Start of MATERIALS PROVIDED

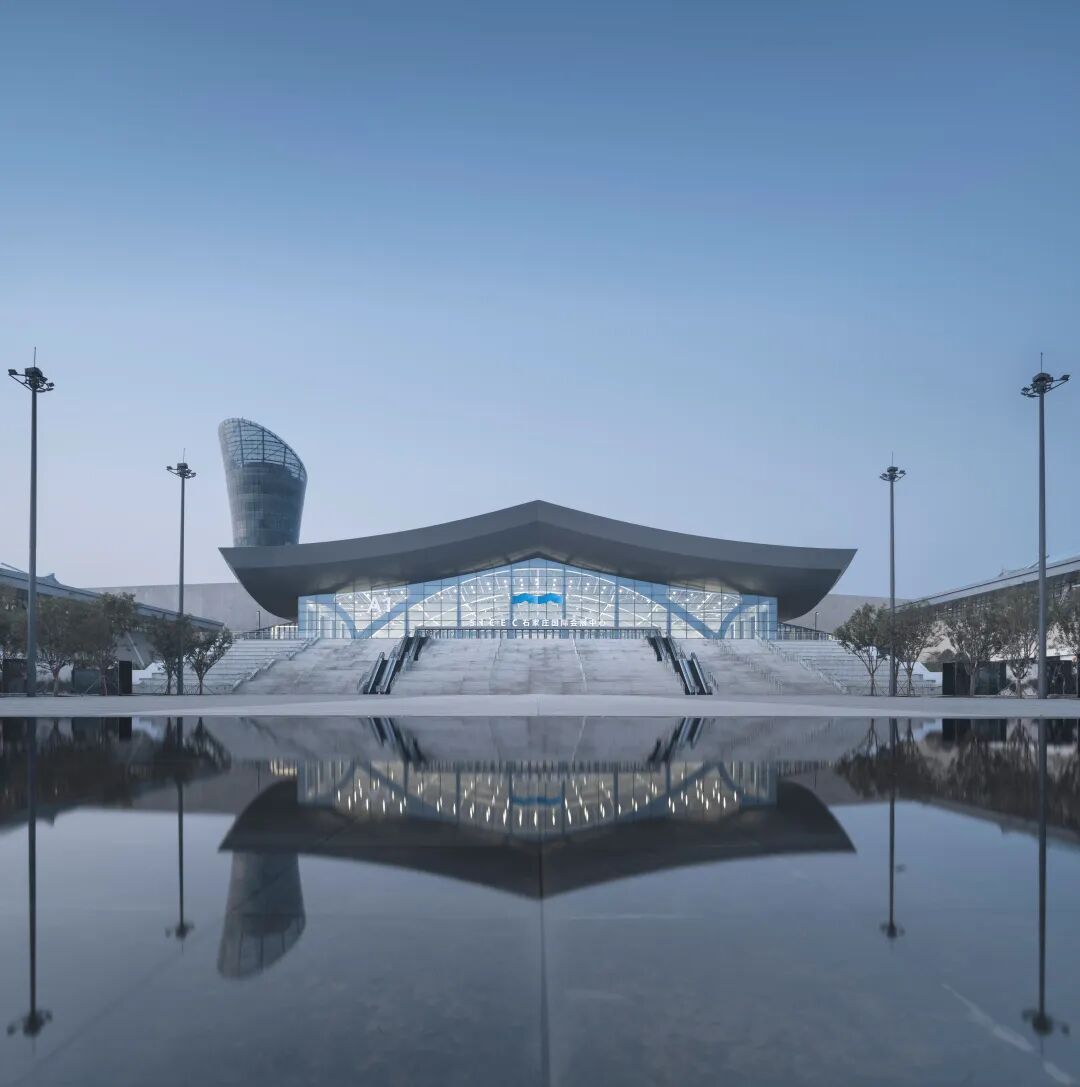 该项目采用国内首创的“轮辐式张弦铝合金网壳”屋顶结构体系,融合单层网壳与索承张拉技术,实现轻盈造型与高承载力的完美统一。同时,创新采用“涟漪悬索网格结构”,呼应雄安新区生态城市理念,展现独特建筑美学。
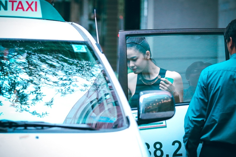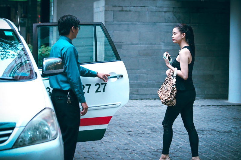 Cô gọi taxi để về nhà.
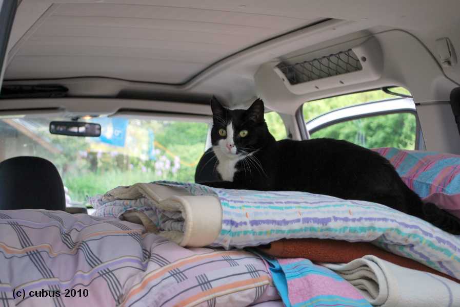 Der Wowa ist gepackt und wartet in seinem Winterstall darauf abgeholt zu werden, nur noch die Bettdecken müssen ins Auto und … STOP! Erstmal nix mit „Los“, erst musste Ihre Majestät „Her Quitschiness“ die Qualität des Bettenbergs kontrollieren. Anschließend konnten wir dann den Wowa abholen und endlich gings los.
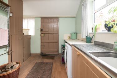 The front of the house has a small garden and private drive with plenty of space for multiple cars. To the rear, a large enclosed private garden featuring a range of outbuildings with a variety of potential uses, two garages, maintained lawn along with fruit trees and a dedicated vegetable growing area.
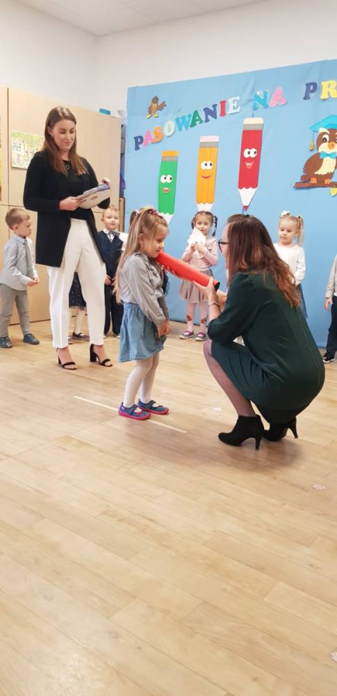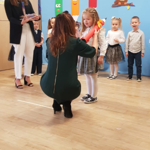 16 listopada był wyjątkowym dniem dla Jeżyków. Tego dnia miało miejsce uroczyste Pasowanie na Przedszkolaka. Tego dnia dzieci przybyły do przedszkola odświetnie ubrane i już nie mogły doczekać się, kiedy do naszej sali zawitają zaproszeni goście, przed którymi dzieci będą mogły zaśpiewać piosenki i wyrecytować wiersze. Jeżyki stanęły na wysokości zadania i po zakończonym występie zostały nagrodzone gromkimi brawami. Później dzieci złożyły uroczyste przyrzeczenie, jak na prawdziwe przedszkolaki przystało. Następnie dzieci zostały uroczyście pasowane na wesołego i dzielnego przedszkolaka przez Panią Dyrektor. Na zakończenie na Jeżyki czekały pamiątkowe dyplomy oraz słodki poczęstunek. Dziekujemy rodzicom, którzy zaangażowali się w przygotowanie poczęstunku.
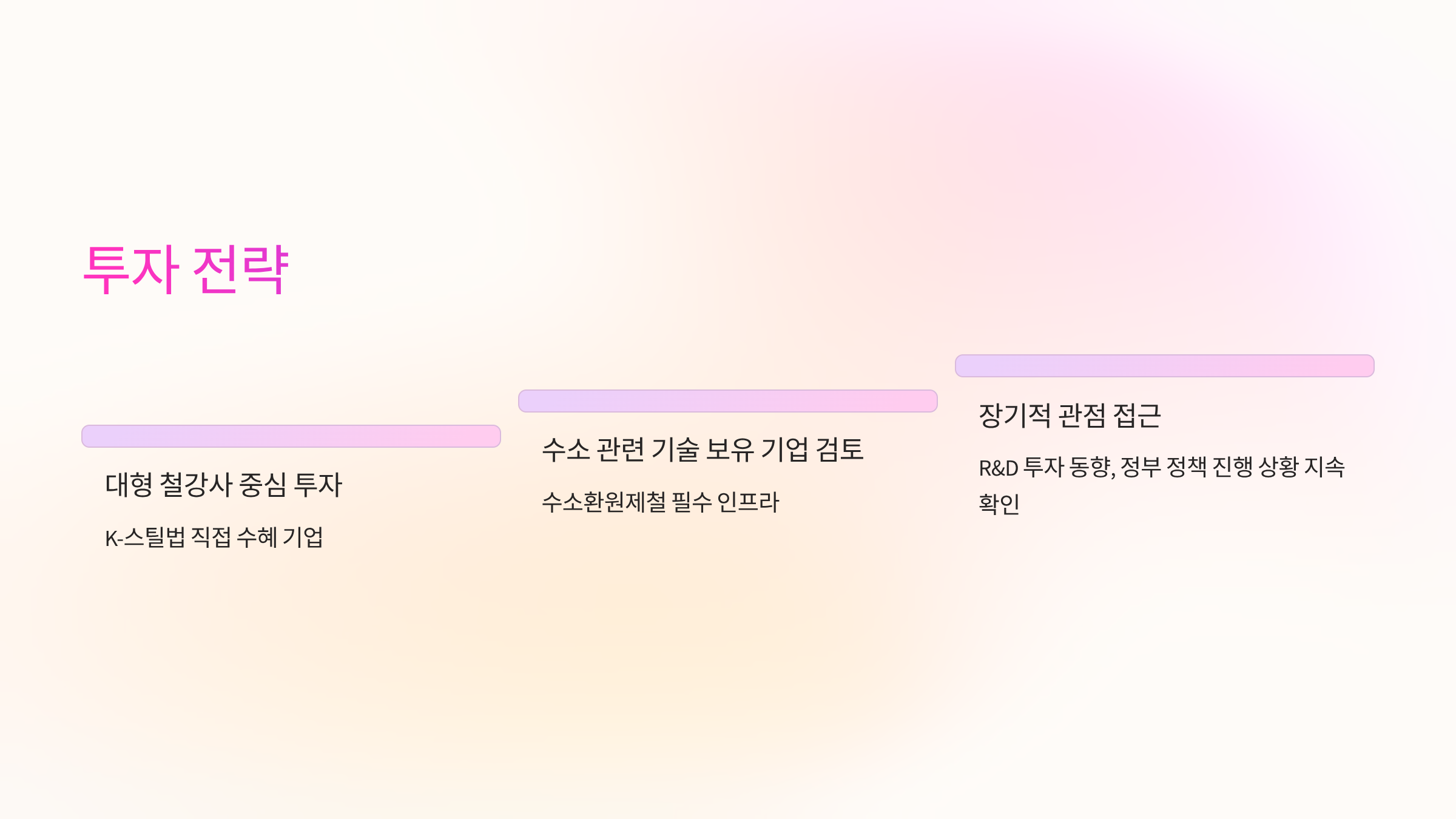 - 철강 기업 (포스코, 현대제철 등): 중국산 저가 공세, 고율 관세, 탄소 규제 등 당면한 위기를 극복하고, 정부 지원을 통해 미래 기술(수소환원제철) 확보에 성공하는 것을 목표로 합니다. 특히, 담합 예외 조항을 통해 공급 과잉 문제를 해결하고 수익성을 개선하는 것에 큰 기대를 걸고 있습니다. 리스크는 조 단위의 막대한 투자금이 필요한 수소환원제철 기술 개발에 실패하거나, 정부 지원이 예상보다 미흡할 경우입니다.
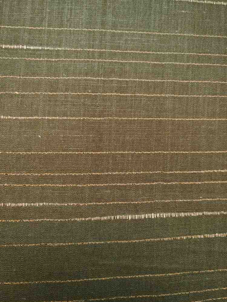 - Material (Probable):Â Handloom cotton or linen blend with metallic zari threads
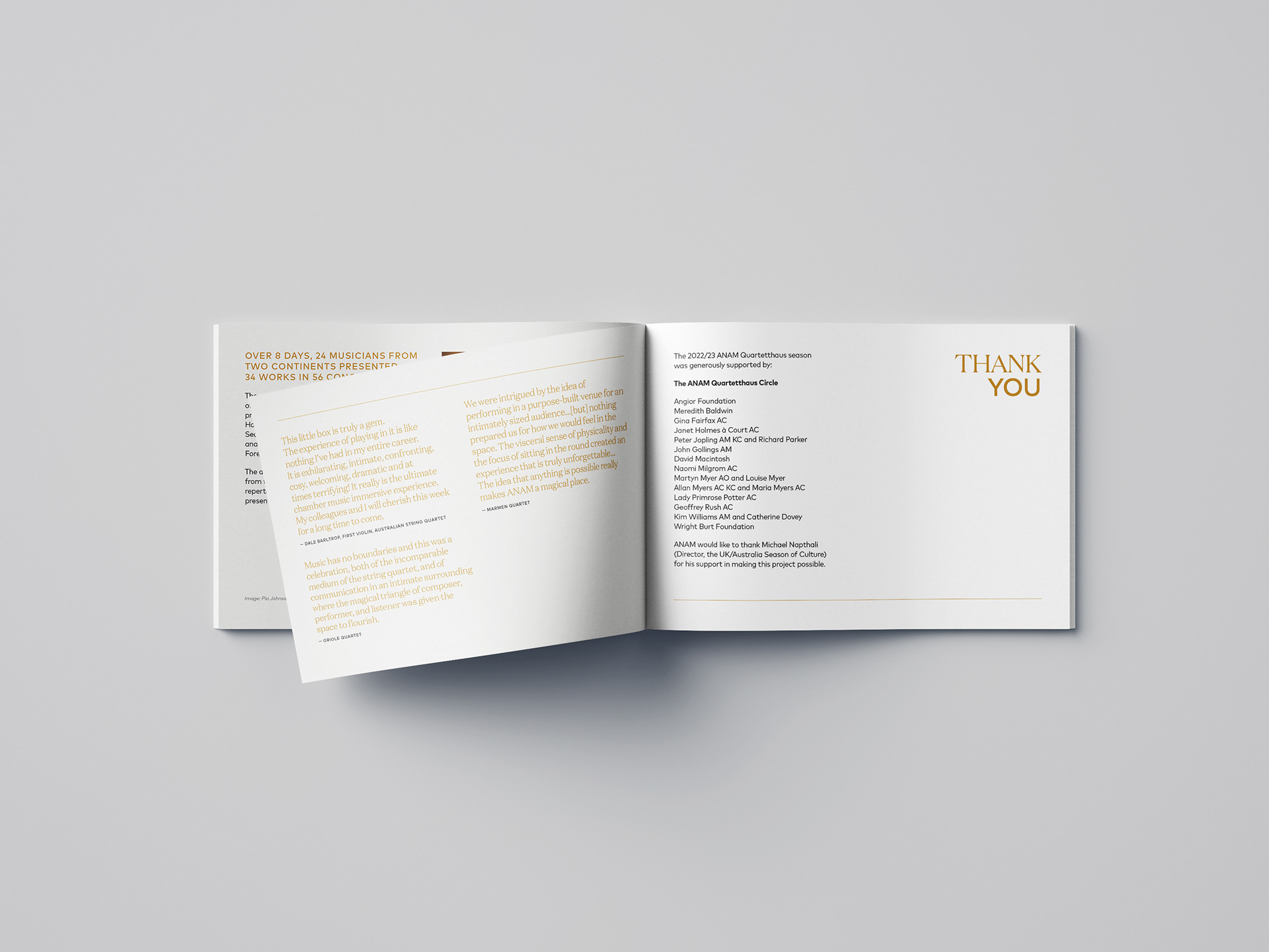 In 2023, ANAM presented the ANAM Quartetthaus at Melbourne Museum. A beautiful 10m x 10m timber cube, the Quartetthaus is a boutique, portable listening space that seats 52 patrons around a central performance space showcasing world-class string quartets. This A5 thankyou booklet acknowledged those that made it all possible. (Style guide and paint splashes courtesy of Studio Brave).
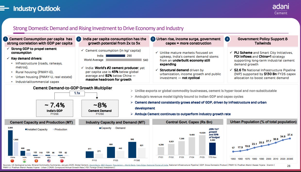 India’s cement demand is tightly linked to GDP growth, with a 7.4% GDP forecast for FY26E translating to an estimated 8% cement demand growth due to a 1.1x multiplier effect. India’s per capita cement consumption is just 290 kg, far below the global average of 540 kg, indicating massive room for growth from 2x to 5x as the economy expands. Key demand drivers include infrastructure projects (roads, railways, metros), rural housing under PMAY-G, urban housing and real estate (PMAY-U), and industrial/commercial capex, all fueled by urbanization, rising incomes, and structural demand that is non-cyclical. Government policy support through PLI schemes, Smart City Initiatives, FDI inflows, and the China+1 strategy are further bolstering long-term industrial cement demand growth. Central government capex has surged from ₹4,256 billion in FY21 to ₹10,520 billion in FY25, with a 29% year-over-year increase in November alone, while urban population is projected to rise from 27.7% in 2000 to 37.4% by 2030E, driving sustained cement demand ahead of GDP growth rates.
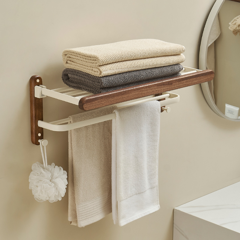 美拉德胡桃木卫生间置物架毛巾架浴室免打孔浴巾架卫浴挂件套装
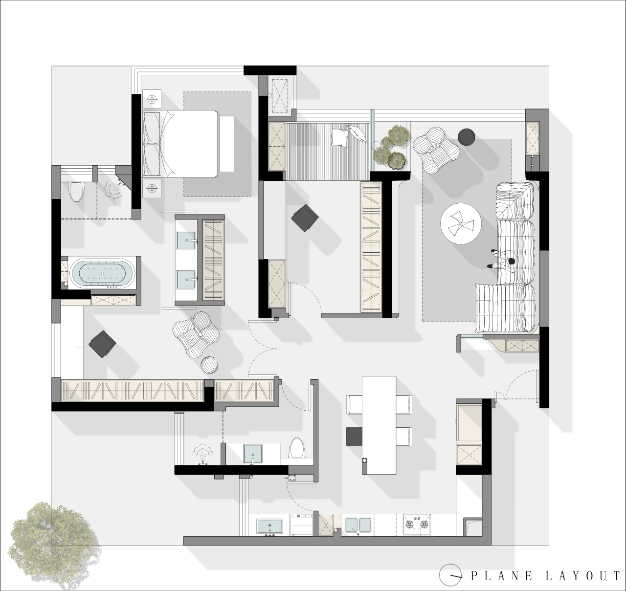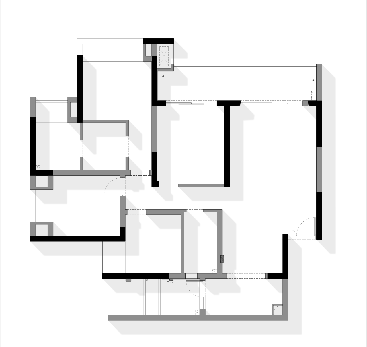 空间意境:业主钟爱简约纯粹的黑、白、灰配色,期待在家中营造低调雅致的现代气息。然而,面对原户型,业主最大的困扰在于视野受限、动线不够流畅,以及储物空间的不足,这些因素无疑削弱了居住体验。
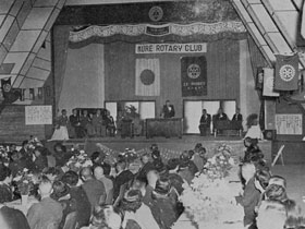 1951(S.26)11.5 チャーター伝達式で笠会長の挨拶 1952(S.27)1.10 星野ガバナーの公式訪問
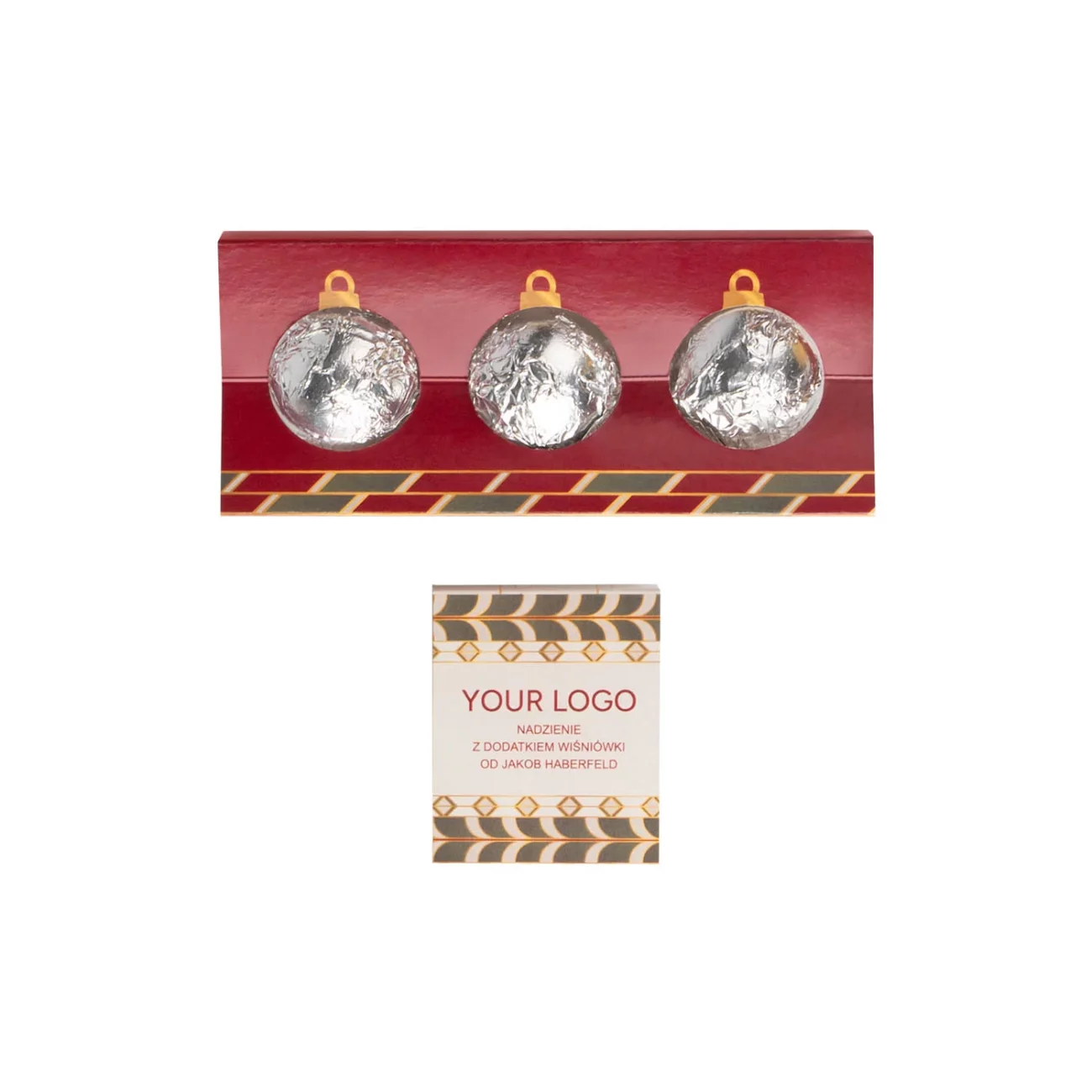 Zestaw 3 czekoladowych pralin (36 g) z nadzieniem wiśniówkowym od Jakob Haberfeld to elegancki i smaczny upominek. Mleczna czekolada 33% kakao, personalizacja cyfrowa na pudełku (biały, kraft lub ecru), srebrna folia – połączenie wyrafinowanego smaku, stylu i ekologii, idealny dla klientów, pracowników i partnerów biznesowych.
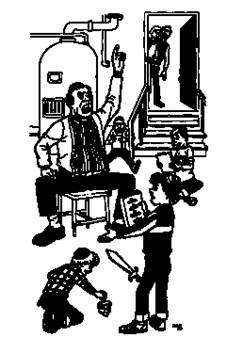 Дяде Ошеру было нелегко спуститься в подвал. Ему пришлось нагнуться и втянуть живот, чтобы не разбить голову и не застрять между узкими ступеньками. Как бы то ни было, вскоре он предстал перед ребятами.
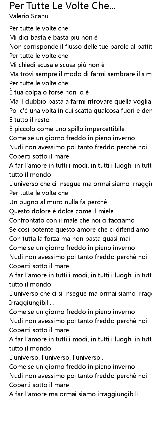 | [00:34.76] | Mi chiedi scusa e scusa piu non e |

End of MATERIALS PROVIDED

[AIM OF THE EXERCISE]
Without the pictures, write out every line above exactly as it appears.

[PROBLEM SOLUTION]
 该项目采用国内首创的“轮辐式张弦铝合金网壳”屋顶结构体系,融合单层网壳与索承张拉技术,实现轻盈造型与高承载力的完美统一。同时,创新采用“涟漪悬索网格结构”,呼应雄安新区生态城市理念,展现独特建筑美学。
 Cô gọi taxi để về nhà.
 Der Wowa ist gepackt und wartet in seinem Winterstall darauf abgeholt zu werden, nur noch die Bettdecken müssen ins Auto und … STOP! Erstmal nix mit „Los“, erst musste Ihre Majestät „Her Quitschiness“ die Qualität des Bettenbergs kontrollieren. Anschließend konnten wir dann den Wowa abholen und endlich gings los.
 The front of the house has a small garden and private drive with plenty of space for multiple cars. To the rear, a large enclosed private garden featuring a range of outbuildings with a variety of potential uses, two garages, maintained lawn along with fruit trees and a dedicated vegetable growing area.
 16 listopada był wyjątkowym dniem dla Jeżyków. Tego dnia miało miejsce uroczyste Pasowanie na Przedszkolaka. Tego dnia dzieci przybyły do przedszkola odświetnie ubrane i już nie mogły doczekać się, kiedy do naszej sali zawitają zaproszeni goście, przed którymi dzieci będą mogły zaśpiewać piosenki i wyrecytować wiersze. Jeżyki stanęły na wysokości zadania i po zakończonym występie zostały nagrodzone gromkimi brawami. Później dzieci złożyły uroczyste przyrzeczenie, jak na prawdziwe przedszkolaki przystało. Następnie dzieci zostały uroczyście pasowane na wesołego i dzielnego przedszkolaka przez Panią Dyrektor. Na zakończenie na Jeżyki czekały pamiątkowe dyplomy oraz słodki poczęstunek. Dziekujemy rodzicom, którzy zaangażowali się w przygotowanie poczęstunku.
 - 철강 기업 (포스코, 현대제철 등): 중국산 저가 공세, 고율 관세, 탄소 규제 등 당면한 위기를 극복하고, 정부 지원을 통해 미래 기술(수소환원제철) 확보에 성공하는 것을 목표로 합니다. 특히, 담합 예외 조항을 통해 공급 과잉 문제를 해결하고 수익성을 개선하는 것에 큰 기대를 걸고 있습니다. 리스크는 조 단위의 막대한 투자금이 필요한 수소환원제철 기술 개발에 실패하거나, 정부 지원이 예상보다 미흡할 경우입니다.
 - Material (Probable):Â Handloom cotton or linen blend with metallic zari threads
 In 2023, ANAM presented the ANAM Quartetthaus at Melbourne Museum. A beautiful 10m x 10m timber cube, the Quartetthaus is a boutique, portable listening space that seats 52 patrons around a central performance space showcasing world-class string quartets. This A5 thankyou booklet acknowledged those that made it all possible. (Style guide and paint splashes courtesy of Studio Brave).
 India’s cement demand is tightly linked to GDP growth, with a 7.4% GDP forecast for FY26E translating to an estimated 8% cement demand growth due to a 1.1x multiplier effect. India’s per capita cement consumption is just 290 kg, far below the global average of 540 kg, indicating massive room for growth from 2x to 5x as the economy expands. Key demand drivers include infrastructure projects (roads, railways, metros), rural housing under PMAY-G, urban housing and real estate (PMAY-U), and industrial/commercial capex, all fueled by urbanization, rising incomes, and structural demand that is non-cyclical. Government policy support through PLI schemes, Smart City Initiatives, FDI inflows, and the China+1 strategy are further bolstering long-term industrial cement demand growth. Central government capex has surged from ₹4,256 billion in FY21 to ₹10,520 billion in FY25, with a 29% year-over-year increase in November alone, while urban population is projected to rise from 27.7% in 2000 to 37.4% by 2030E, driving sustained cement demand ahead of GDP growth rates.
 美拉德胡桃木卫生间置物架毛巾架浴室免打孔浴巾架卫浴挂件套装
 空间意境:业主钟爱简约纯粹的黑、白、灰配色,期待在家中营造低调雅致的现代气息。然而,面对原户型,业主最大的困扰在于视野受限、动线不够流畅,以及储物空间的不足,这些因素无疑削弱了居住体验。
 1951(S.26)11.5 チャーター伝達式で笠会長の挨拶 1952(S.27)1.10 星野ガバナーの公式訪問
 Zestaw 3 czekoladowych pralin (36 g) z nadzieniem wiśniówkowym od Jakob Haberfeld to elegancki i smaczny upominek. Mleczna czekolada 33% kakao, personalizacja cyfrowa na pudełku (biały, kraft lub ecru), srebrna folia – połączenie wyrafinowanego smaku, stylu i ekologii, idealny dla klientów, pracowników i partnerów biznesowych.
 Дяде Ошеру было нелегко спуститься в подвал. Ему пришлось нагнуться и втянуть живот, чтобы не разбить голову и не застрять между узкими ступеньками. Как бы то ни было, вскоре он предстал перед ребятами.
 | [00:34.76] | Mi chiedi scusa e scusa piu non e |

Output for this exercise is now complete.